In the corner, Sunny groaned.

“Hear me out. May I?” He gestured at Justin’s vacated chair. Pulled it closer and sat without waiting for permission. “There’s a man wandering your neighborhood with powers that don’t belong to him. He might not have been the one to get your friend behind the curtain hurt, but he was involved in some form. I can see the ripples even now. I want him dead.”

“So kill him,” said Chaz. “Word has it you’re a death god.” Val shushed him and got an acid glare for it, but Udrai merely shrugged.
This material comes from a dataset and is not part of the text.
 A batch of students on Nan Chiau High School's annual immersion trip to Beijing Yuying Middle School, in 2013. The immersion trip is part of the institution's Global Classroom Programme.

“Slight problem with that. The deal we made . . . it wasn’t a very solid one.”

“You’re the king of shady deals.” Lia had found her voice. She came to stand beside Cavale, Sunny only an inch or two behind. “It almost sounds like you’re saying your follower got the best of you.”

“I
was
the king of shady deals. Spending millennia in a cage of bone and shadow tends to dull one’s edges.” He stroked his beard. “Maybe the cage broke down. Maybe the Lady Ereshkigal grew bored, or merciful, or someone simply fucked up. I didn’t stick around to find out. But a prayer got through, for the first time in, literally, ages. And I answered it.” Udrai looked at the people gathered around him and grinned sheepishly. “I made an offer and he took it.
Hold my power for me, just for a little while. And when I come to take it back, you’ll be rewarded.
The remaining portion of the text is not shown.